Fish Hatchery
Fish Hatchery
a type of fish farm that has one or more bodies of water for the spawning and rearing of the fry of semimigratory fishes (carp, European bream, pike perch). Fish hatcheries are set up on commercial bodies of water (in river deltas or reservoirs) in order to systematically fill them with fish fry when natural spawning is hampered or curtailed. The fry are reared up to the migration stage (when, under natural conditions, they migrate to feeding areas) and released in rivers. The rearing period lasts from 1½ to two months. In the USSR there are fish hatcheries in the deltas of the Volga, Don, Kuban, and Kura rivers, as well as in the Tsimlianskoe and other reservoirs. Hundreds of millions of fry of valuable commercial fishes are annually released in rivers.
Fish Hatchery
an enterprise engaged in incubating the roe and raising the fry of valuable types of fish. Fish hatcheries have a number of special facilities. There are ponds for keeping the parent fish until maturation of the sexual products. In addition to the hatchery equipment and incubating units, there are tanks and ponds for raising the young carp, sturgeon, salmon, and herbivorous fishes (amur, silver carp). The young carp and other pond fishes are raised on pond farms; the young of certain commercial fishes, such as salmon and sturgeon, are released into natural bodies of water.

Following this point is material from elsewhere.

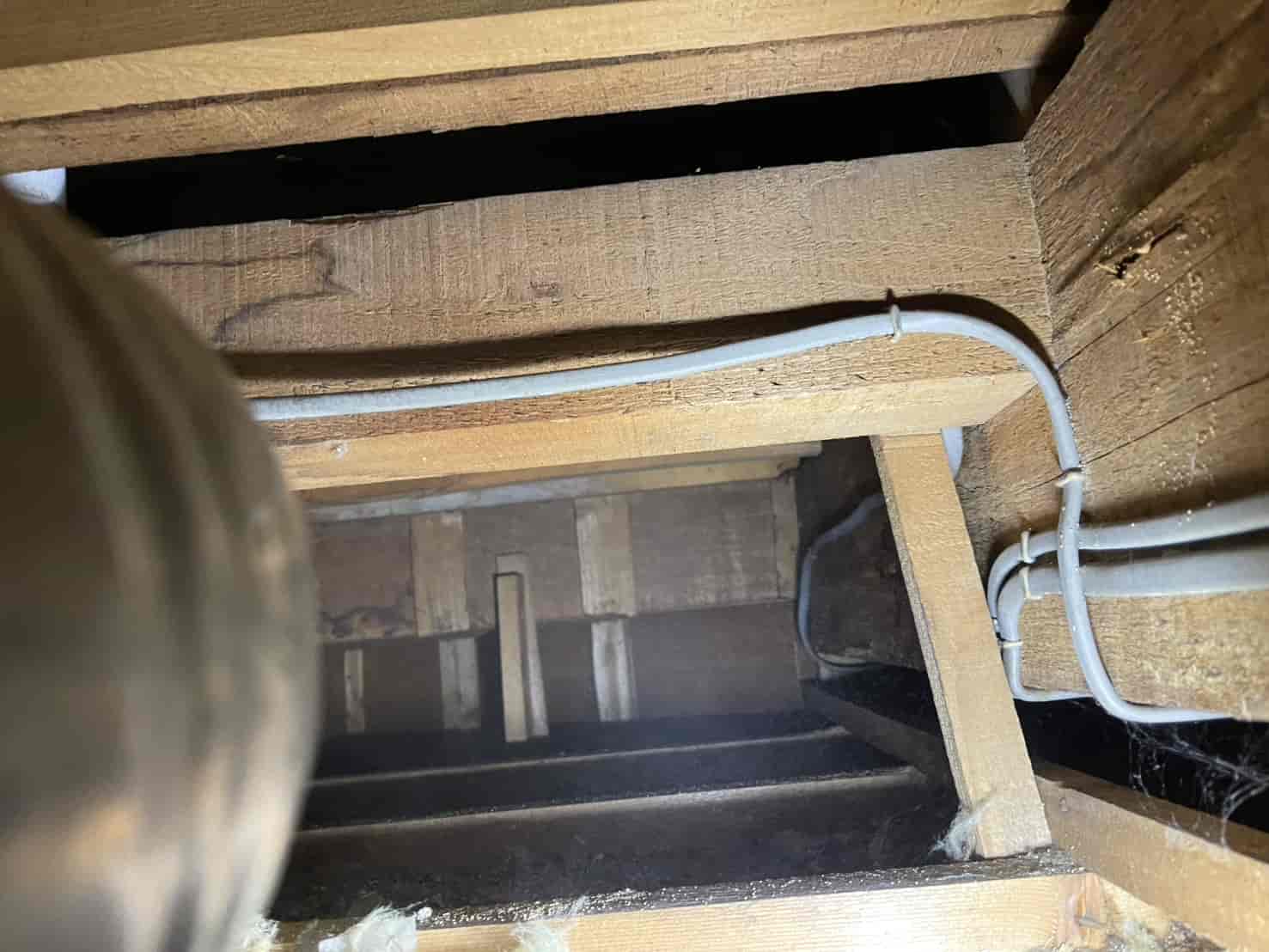 まず天井裏点検口から内部へ入り、ライトとカメラで詳細な状況を確認しました。天井裏の断熱材上には無数のネズミのフンが散乱しており、量や新しさからみても 現在進行形の被害 が続いていることが明確でした。フンの形状はクマネズミ特有の細長いタイプで、乾燥した古いフンと黒く湿気を帯びた新しいフンが混在していたため、数週間以上にわたり天井裏を通路として利用していたものと判断できます。

In 1973 the USSR had 128 fish hatcheries, located in the basin of the Barents Sea, the White Sea, the Caspian Sea, the Sea of Azov, the Black Sea, and the Pacific Ocean. That year the hatcheries produced approximately 10 billion young fish for subsequent raising in ponds and natural bodies of water. There are large networks of fish hatcheries in all fish-raising regions of the world.